I’ve seen games with either a totally separate “accessibility” section or tab, or the settings in related tabs and those settings also all in the accessibility menu.
I really really like this modern gaming thing where accessibility settings are now standard.
separe audio settings for bgm, sound effects, etc
A remove HUD options. I’d also like it if they put a big warning in the graphics section explaining how higher graphics can affect the game.
I see a lot of people bitching about lag, but if my shit connection and potato PC can run the game on low, I’m pretty sure the complainers need to reduce their expectations, accept that they don’t have a top of the line computer anymore and bring down their settings.
Not quite a setting, but every game should be required to tell you how long ago the last save was when you quit the game. I absolutely don’t understand why it’s only a tiny minority of games that does this, it is such an obvious thing to do
I like this, and I think it should be complemented with a “Save and Quit to OS” button.
Like a timestamp on the save?
I’m thinking specifically when you exit the game, and it says “Are you sure? All progress since you last saved will be lost”, it should just have an additional “(last saved 2 minutes ago)” line in there. I think the recent Spiderman games did that, iirc
Ah yeah, then absolutely. Warning you that you may be fucking up and then having you quit on faith is an insane move by a dev.
Yeah exactly, but more often than not that’s exactly what happens, it’s infuriating
Well yes and no. Stellar Blade for example. When you click exit to desktop it pops up the usual unsaved data will be lost stuff but also has a timer below it showing when the last save was made
For over-the-shoulder games, separate field-of-view AND CAMERA DISTANCE.
For player-hosted games, an option to reject hosts using unsuitable hardware or low bandwidth, high latency networks. My gripe is specific to Warframe on the Switch 1, but if the developers of any game can’t/won’t operate public game servers and choose to offload the responsibility to the players, the choice should belong to the players.
Low fov and really far camera is ass
Almost as bad as low fov and too close camera and too low camera.
Gameplay settings menus that allow you to turn off gameplay mechanisms you simply don’t enjoy, or tune them.
I’m talking about ones that are like one line of code being set to true instead of false etc. That type of thing.
Basically things like that and the Atomfall gameplay/difficulty settings menu
I don’t give a fuck if some pretentious asses “artistic vision” requires the player to backtrack half way across a level on every death or thinks a shitty minigame should be played no less than 153 times every play through. I want to be able to just turn off the unfun shit, and leave on the fun shit.
This is a game. I don’t care if the developer thinks X Y or Z adds to the experience. If I don’t, within reason I should just be able to turn it off.
I disagree because it solely approaches games as some sort of “electronic commodity” and outright despises a development group’s artistry.
Sure, not every game is trying to be art. But games have long gone beyond the realm of simply “entertain me”. That opinion is like saying “books should be made in a way that allows users to change the story whenever and however they want.” It is something you can do but there’s no imperative to cater to it.
I disagree because it solely approaches games as some sort of “electronic commodity” and outright despises a development group’s artistry.
This is meaningless pretentious gibberish.
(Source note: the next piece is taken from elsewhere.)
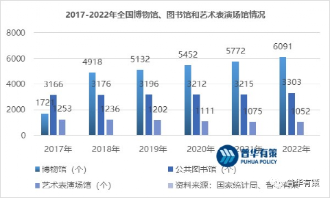 根据国家统计局公布数据,2022年国内博物馆数量6,091个、公共图书馆3,303个、艺术表演场馆1,052个。

It’s like saying that watching movie on an unintended device is disrespecting the playwright.
Why should your desire to put entertaining past times on a pedestal restrict what I should be able to do.
If you feel that way, then play games as they intend. There is no reason to be against other people having an option just because you don’t like it.
You are in essence gatekeeping enjoying a video game as a concept. Like people must enjoy them the way you envision.
That opinion is like saying “books should be made in a way that allows users to change the story whenever and however they want.” It is something you can do but there’s no imperative to cater to it.
This makes no sense at all as an analogy. Books don’t run on game engines and don’t have recycled bits of logic that game mechanics are comprised of that can be mass changed to great effect. The feature you’re describing would require the equivalent of writing the book a million times over. The changes Im describing are often accomplished on day one by modders, or just included by the developers as a quality of life feature set.
You are in essence gatekeeping enjoying a video game as a concept. Like people must enjoy them the way you envision.
What an incredibly inaccurate statement. I love modding video games, I spend more time modding video games than I spend playing video games. I understand that the vision developers have doesn’t often align with what I want from their product.
I don’t agree that developers should be spending dev cycles making a game functional for a user that turns off any configuration of gameplay mechanics.
Saying you can just set a variable from “
truetofalse” is so laughably misunderstanding what goes into software development much less game development that it sounds entitled. What gameplay mechanics are you even saying should be configurable? All of them? Just turn off the combat in a fighting game? At what point is a gameplay mechanic integral to the genre/experience? And who is the person or persons that decide?Developers should be free to create what they want, and the end user is free to mod it however they want. That includes, for the devs, not purposefully obfuscating things so that modding is more diffcult.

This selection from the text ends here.